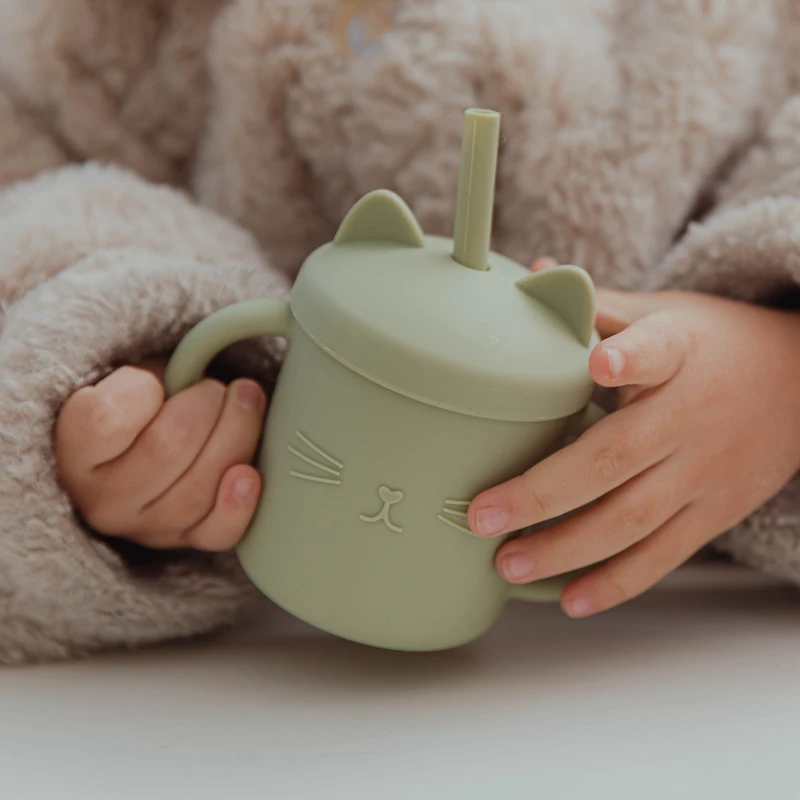 Бутылочка для кормления ребенка чашки силикона с милым рисунком кот...
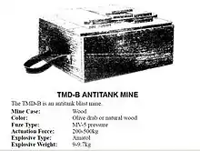 The TMD-B was developed before the start of the Second World War and is simply a wooden box filled with explosives, there are three raised boards on the top of the box, the central one being hinged. The central hinged board is locked into place by a strip of wood inserted into a groove that runs along the edge of all three boards. When enough pressure is applied to the top of the mine the boards collapse onto the plunger of the MV-5 detonator, triggering the mine. A fabric carrying handle is typically fixed to one side of the mine. It was normally painted olive green, gray or white.
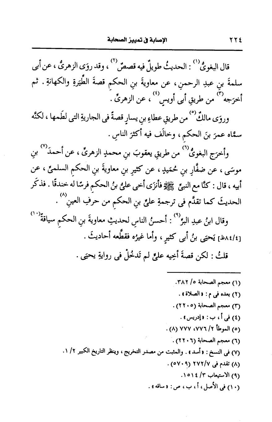 وقال ابن عَبْد البر: أحسن الناس لحديث معاوية بن الحكم سياقه يحيى بن أبي كثير وأما غيره فقطعه أحاديث.
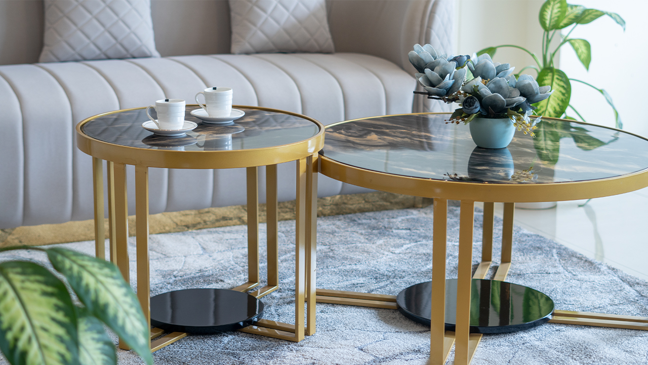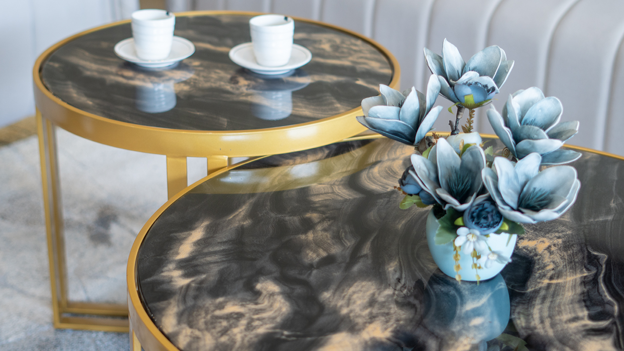 "This set of center tables embodies chic modernity with a touch of classic charm. Featuring a harmonious pairing of two round tables in varying heights, the design offers both aesthetic layering and functional flexibility. The glossy, marble-patterned tabletops bring a luxurious sheen, effortlessly elevating the look of the space. Complementing the tops, the gold-toned metallic frames add a sense of opulence while maintaining a light, airy structure. The open base design incorporates circular black accents at the bottom, adding a grounded contrast and enhancing the visual balance."
== == ==
Instructions to follow - In the answer, set down only the lines from the opening line of the listing through the line that holds "وقال ابن عَبْد", exactly as they appear, minus the pictures.

Output of the task -
 Бутылочка для кормления ребенка чашки силикона с милым рисунком кот...
 The TMD-B was developed before the start of the Second World War and is simply a wooden box filled with explosives, there are three raised boards on the top of the box, the central one being hinged. The central hinged board is locked into place by a strip of wood inserted into a groove that runs along the edge of all three boards. When enough pressure is applied to the top of the mine the boards collapse onto the plunger of the MV-5 detonator, triggering the mine. A fabric carrying handle is typically fixed to one side of the mine. It was normally painted olive green, gray or white.
 وقال ابن عَبْد البر: أحسن الناس لحديث معاوية بن الحكم سياقه يحيى بن أبي كثير وأما غيره فقطعه أحاديث.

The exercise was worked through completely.